YOUR OBJECTIVE:
Please transcribe the entries below exactly and leave out every picture.

(Data entries)
--- START ---

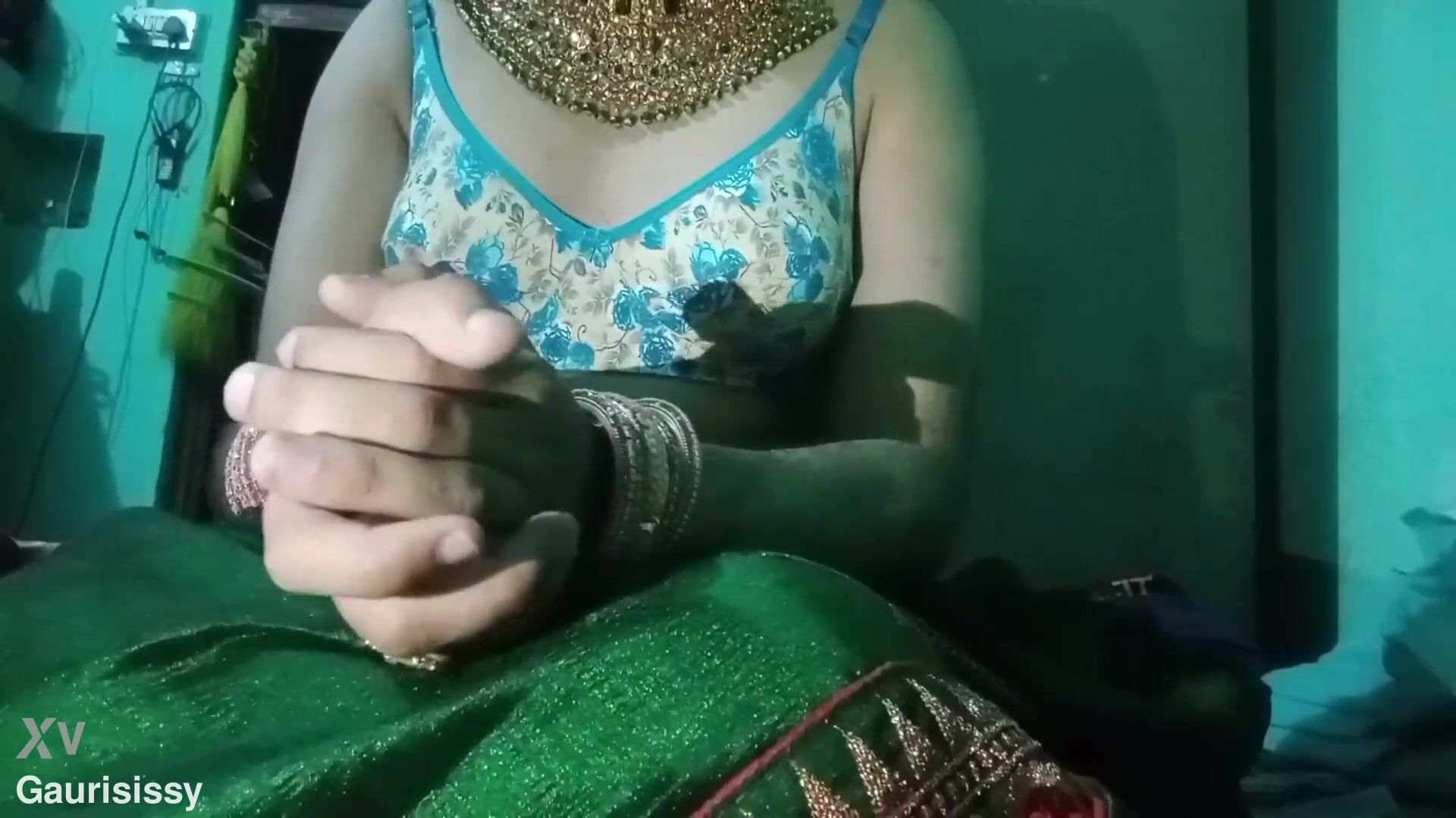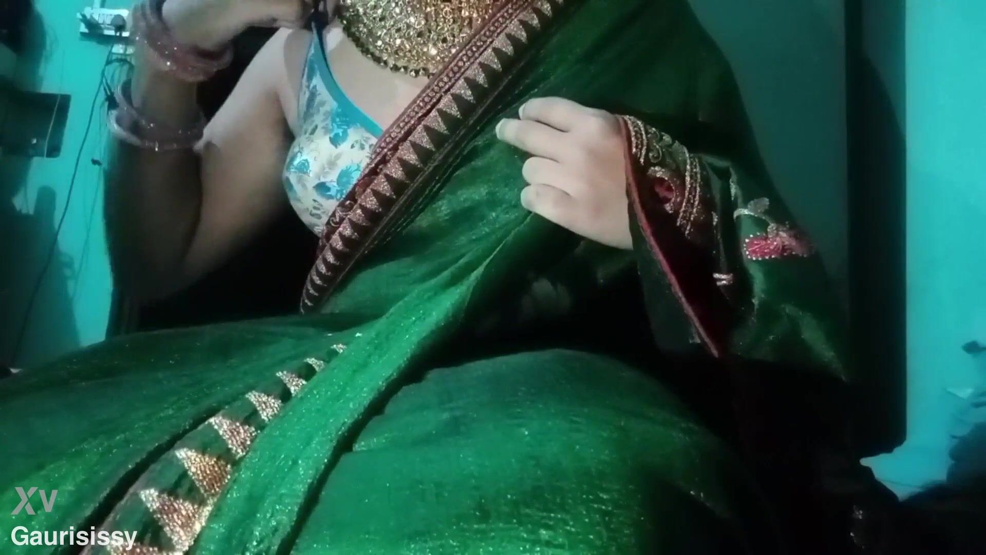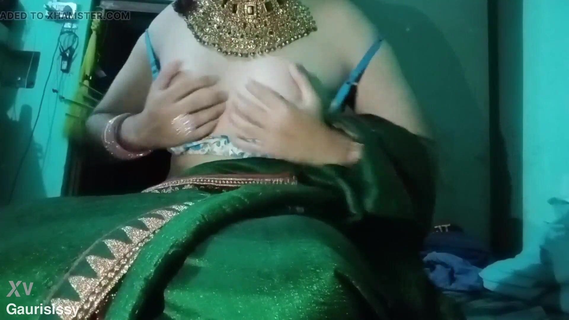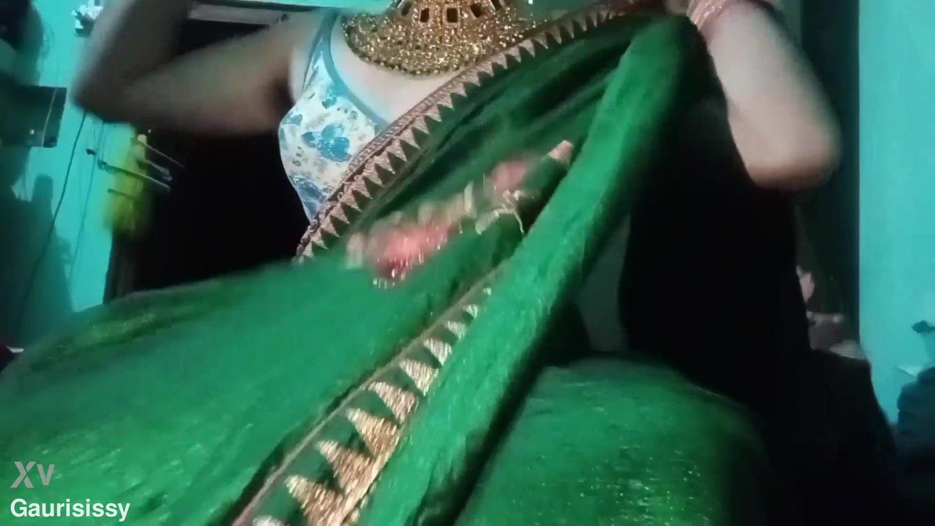 Indian Batty boy Bottom Crossdresser Gaurisissy pressing his baps so stiff with strong jwellery in green Saree real hardcore bang-out
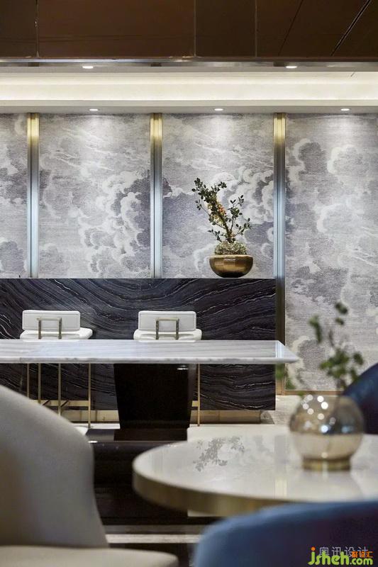 洽談區(qū)的空間布局延續(xù)了建筑的軸線關(guān)系,通過淡雅的藍、柔暖的白、知性的靛青等色彩的碰撞,增添了空間明亮的通透感。大篇幅的藝術(shù)背景畫伴隨著金屬的分割和暈染效果,融合山水意象的擺件,通過光影的視覺沖擊給空間注入力量,營造出靜謐的禪意?;氐娇臻g的本質(zhì),營造內(nèi)斂平和的洽談氛圍,閑看花開花落,靜品茶甘茶香。
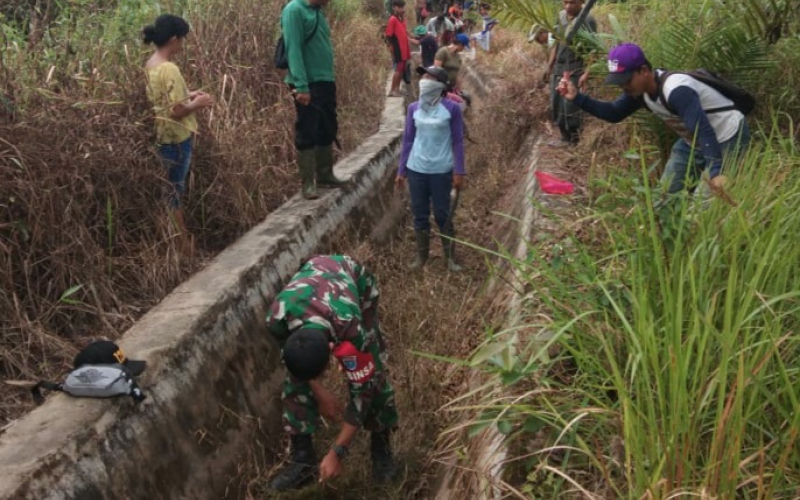 Anggota Koramil Menjalin, Kodim 1201/Mempawah melaksanakan gotong royong membersihkan saluran irigasi bersama masyarakat sepanjang 350 meter di Dusun Tanjam, Desa Menjalin Kabupaten Landak, Minggu (30/5/2021).
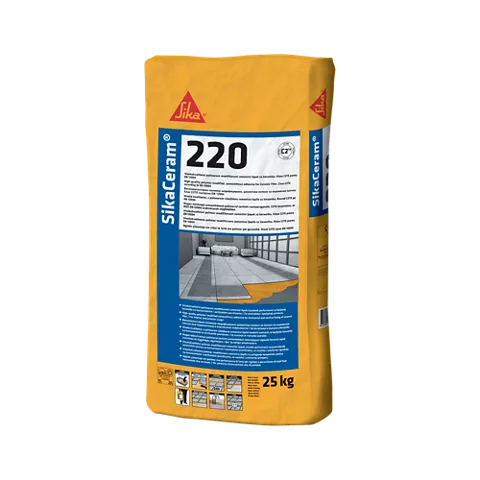 SikaCeram 220 je visokokvalitetni cementni lepak, polimerom modifikovan, dizajniran za unutrašnju i spoljašnju upotrebu.
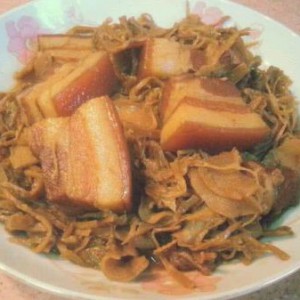 下梅菜笋干,继续煮15分钟以上。煮到汤汁略收干即可
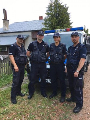 Policjanci od razu przystąpili do akcji gaśniczej. Nie patrząc na duże zadymienie wewnątrz budynku funkcjonariusze bez wahania weszli do środka, odłączyli źródła prądu i przy pomocy gaśnic samochodowych przystąpili do gaszenia źródła ognia. Po ich wykorzystaniu, mundurowi sięgnęli również po wiadra znajdujące się na posesji i czerpiąc wodę z kranu na zewnątrz budynku skutecznie ugasili płomienie. Następnie sprawdzili dokładanie wnętrze domu czy nikt nie został poszkodowany w wyniku tego zdarzenia. Na szczęście właścicieli budynku nie było w tym czasie w budynku.
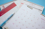 strona kalendarza z bliska na niebieskim tle biznes planowanie spotkanie koncepcja
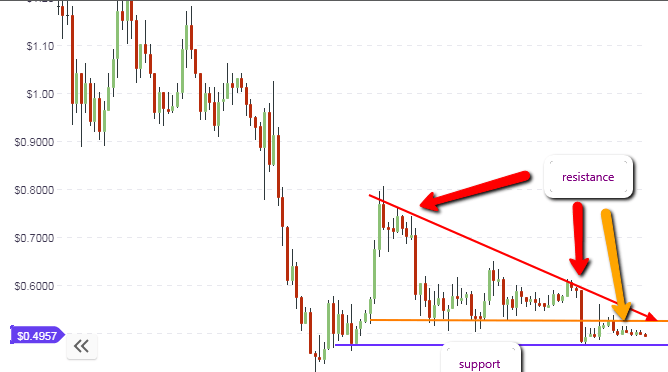 What does this mean for IOTA traders? If price is able to find some strength to bounce off this support line, the price action will find resistance at the 53 cents price area (orange line). The descending trendline resistance will also intersect the initial horizontal resistance at this level. If price breaks this level to the upside, we expect the price action to aim for the next available resistance, depicted by the thin blue line at the 64 cents mark. However, trading volumes have to pick up if any of these price moves are to be witnessed in the next few days to weeks ahead.
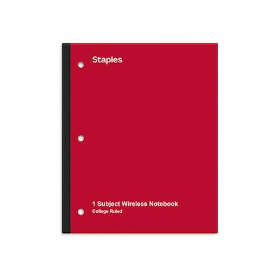 Ensure you always have somewhere to write down your thoughts with this wireless notebook. Letter-sized pages offer plenty of room to write notes, draw charts or record quick reminders, and college ruling helps you make efficient use of each page. Perforated pages remove easily so you can conveniently share handwritten ideas, figures and diagrams. The 3-hole punched design helps you fit this Staples Wireless 8.5 x 11-inch red 1-subject notebook into larger binders.
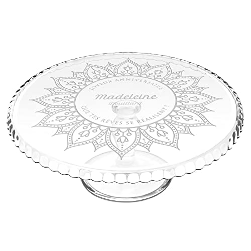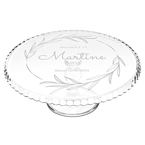 Maverton Plateau à gâteau Rond - Plat sur Pied avec Gravure pour Elle - Présentoir gâteau personnalisé - pour Femmes - Souvenir pour Anniversaire - Assiette décorative - EVJF
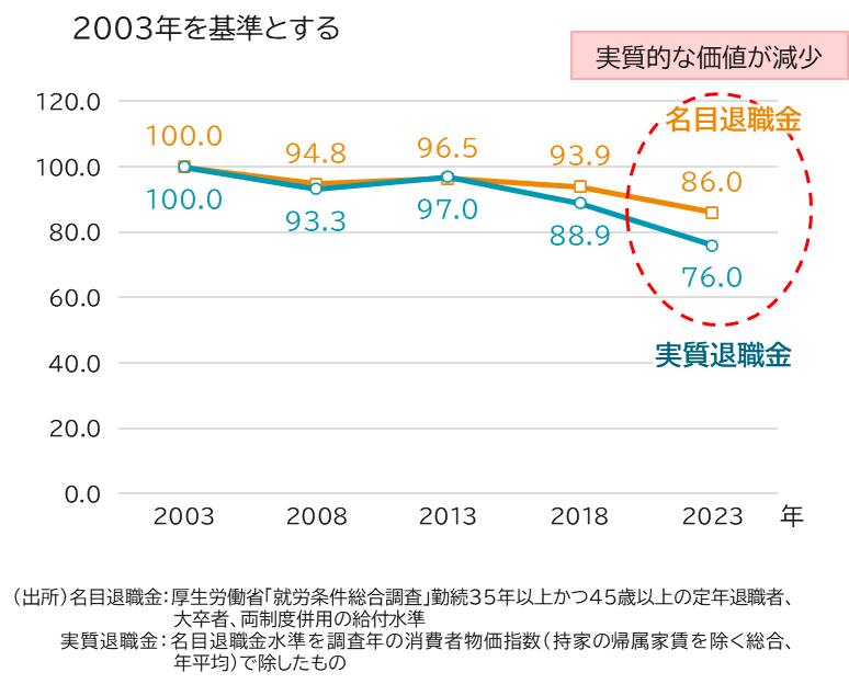実際、統計上も退職給付水準の実質価値減少傾向がみられます。
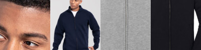 Classic fit. Cadet collar. Covered metal zip for enhanced printability. Two front pockets. Tear-away label. Soft 100% combed ringspun cotton face for best decoration results. Brushed inner fleece. 1x1 rib at cuffs and hem with Lycra for superior comfort. Made with CiCLO® fibres.
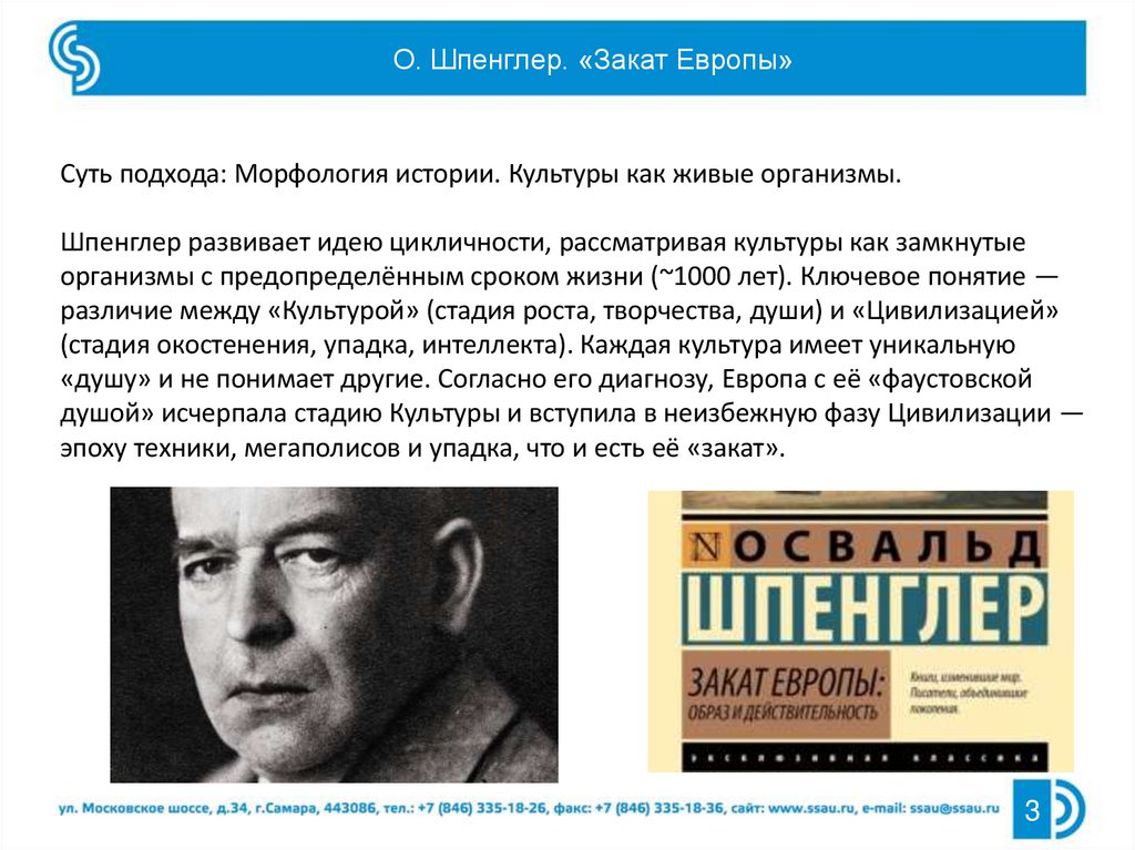 О. Шпенглер. «Закат Европы»Суть подхода: Морфология истории. Культуры как живые организмы.

--- END ---

TASK RESULT:
 Indian Batty boy Bottom Crossdresser Gaurisissy pressing his baps so stiff with strong jwellery in green Saree real hardcore bang-out
 洽談區(qū)的空間布局延續(xù)了建筑的軸線關(guān)系,通過淡雅的藍、柔暖的白、知性的靛青等色彩的碰撞,增添了空間明亮的通透感。大篇幅的藝術(shù)背景畫伴隨著金屬的分割和暈染效果,融合山水意象的擺件,通過光影的視覺沖擊給空間注入力量,營造出靜謐的禪意?;氐娇臻g的本質(zhì),營造內(nèi)斂平和的洽談氛圍,閑看花開花落,靜品茶甘茶香。
 Anggota Koramil Menjalin, Kodim 1201/Mempawah melaksanakan gotong royong membersihkan saluran irigasi bersama masyarakat sepanjang 350 meter di Dusun Tanjam, Desa Menjalin Kabupaten Landak, Minggu (30/5/2021).
 SikaCeram 220 je visokokvalitetni cementni lepak, polimerom modifikovan, dizajniran za unutrašnju i spoljašnju upotrebu.
 下梅菜笋干,继续煮15分钟以上。煮到汤汁略收干即可
 Policjanci od razu przystąpili do akcji gaśniczej. Nie patrząc na duże zadymienie wewnątrz budynku funkcjonariusze bez wahania weszli do środka, odłączyli źródła prądu i przy pomocy gaśnic samochodowych przystąpili do gaszenia źródła ognia. Po ich wykorzystaniu, mundurowi sięgnęli również po wiadra znajdujące się na posesji i czerpiąc wodę z kranu na zewnątrz budynku skutecznie ugasili płomienie. Następnie sprawdzili dokładanie wnętrze domu czy nikt nie został poszkodowany w wyniku tego zdarzenia. Na szczęście właścicieli budynku nie było w tym czasie w budynku.
 strona kalendarza z bliska na niebieskim tle biznes planowanie spotkanie koncepcja
 What does this mean for IOTA traders? If price is able to find some strength to bounce off this support line, the price action will find resistance at the 53 cents price area (orange line). The descending trendline resistance will also intersect the initial horizontal resistance at this level. If price breaks this level to the upside, we expect the price action to aim for the next available resistance, depicted by the thin blue line at the 64 cents mark. However, trading volumes have to pick up if any of these price moves are to be witnessed in the next few days to weeks ahead.
 Ensure you always have somewhere to write down your thoughts with this wireless notebook. Letter-sized pages offer plenty of room to write notes, draw charts or record quick reminders, and college ruling helps you make efficient use of each page. Perforated pages remove easily so you can conveniently share handwritten ideas, figures and diagrams. The 3-hole punched design helps you fit this Staples Wireless 8.5 x 11-inch red 1-subject notebook into larger binders.
 Maverton Plateau à gâteau Rond - Plat sur Pied avec Gravure pour Elle - Présentoir gâteau personnalisé - pour Femmes - Souvenir pour Anniversaire - Assiette décorative - EVJF
実際、統計上も退職給付水準の実質価値減少傾向がみられます。
 Classic fit. Cadet collar. Covered metal zip for enhanced printability. Two front pockets. Tear-away label. Soft 100% combed ringspun cotton face for best decoration results. Brushed inner fleece. 1x1 rib at cuffs and hem with Lycra for superior comfort. Made with CiCLO® fibres.
 О. Шпенглер. «Закат Европы»Суть подхода: Морфология истории. Культуры как живые организмы.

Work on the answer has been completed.